— About this task —
Every line of the data below is to be given again as it appears, with the images removed.

— Stored data —
○ ○ ○ ○ ○ ○ ○

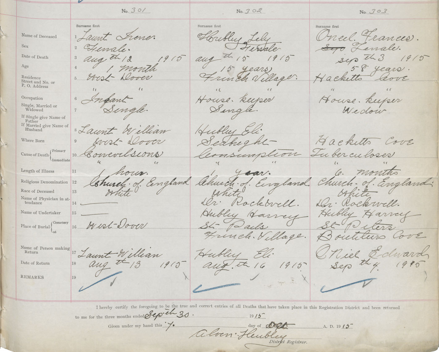 Female Death Registration: Year: 1915 book: 34 page: 89 number: 303
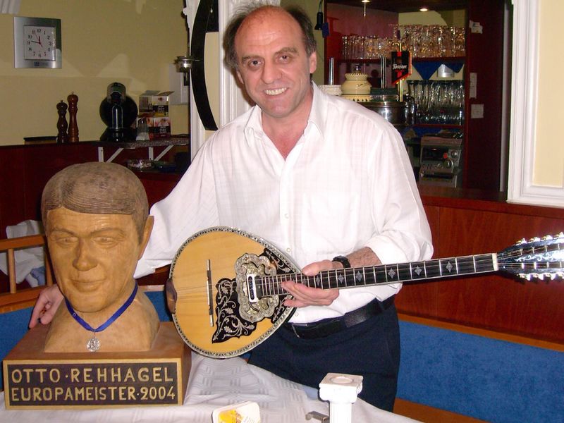 Das Bild rechts zeigt den aus Holz gemachten Otto Rehagel den ich aufgrund einer Wette zur Meisterschaft 2004 selbst geschnitzt habe und meine Buzuki mit der ich gerne auch mal live im Restaurant für Sie spiele! Herzlichst, ihr Dimitris Litakis.
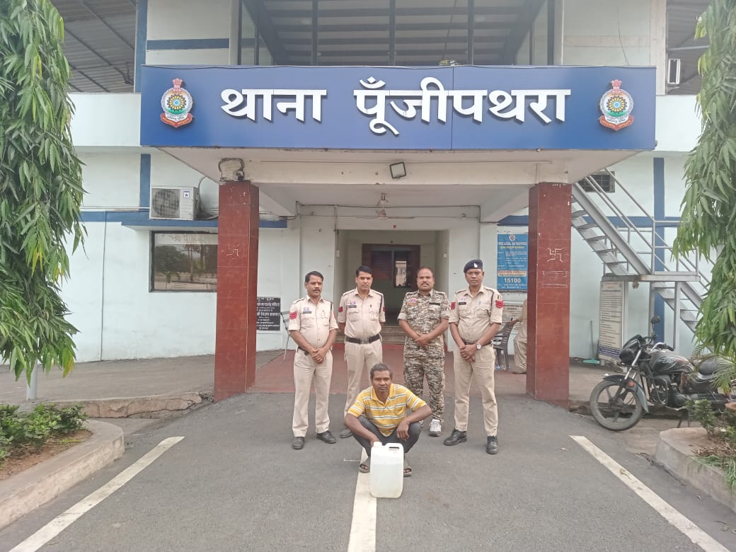 अवैध शराब बिक्री की सूचना पर पूंजीपथरा पुलिस की कार्रवाई, 10 लीटर महुआ शराब के साथ आरोपी गिरफ्तार

○ ○ ○ ○ ○ ○ ○

— Solution for this exercise —
 Female Death Registration: Year: 1915 book: 34 page: 89 number: 303
 Das Bild rechts zeigt den aus Holz gemachten Otto Rehagel den ich aufgrund einer Wette zur Meisterschaft 2004 selbst geschnitzt habe und meine Buzuki mit der ich gerne auch mal live im Restaurant für Sie spiele! Herzlichst, ihr Dimitris Litakis.
 अवैध शराब बिक्री की सूचना पर पूंजीपथरा पुलिस की कार्रवाई, 10 लीटर महुआ शराब के साथ आरोपी गिरफ्तार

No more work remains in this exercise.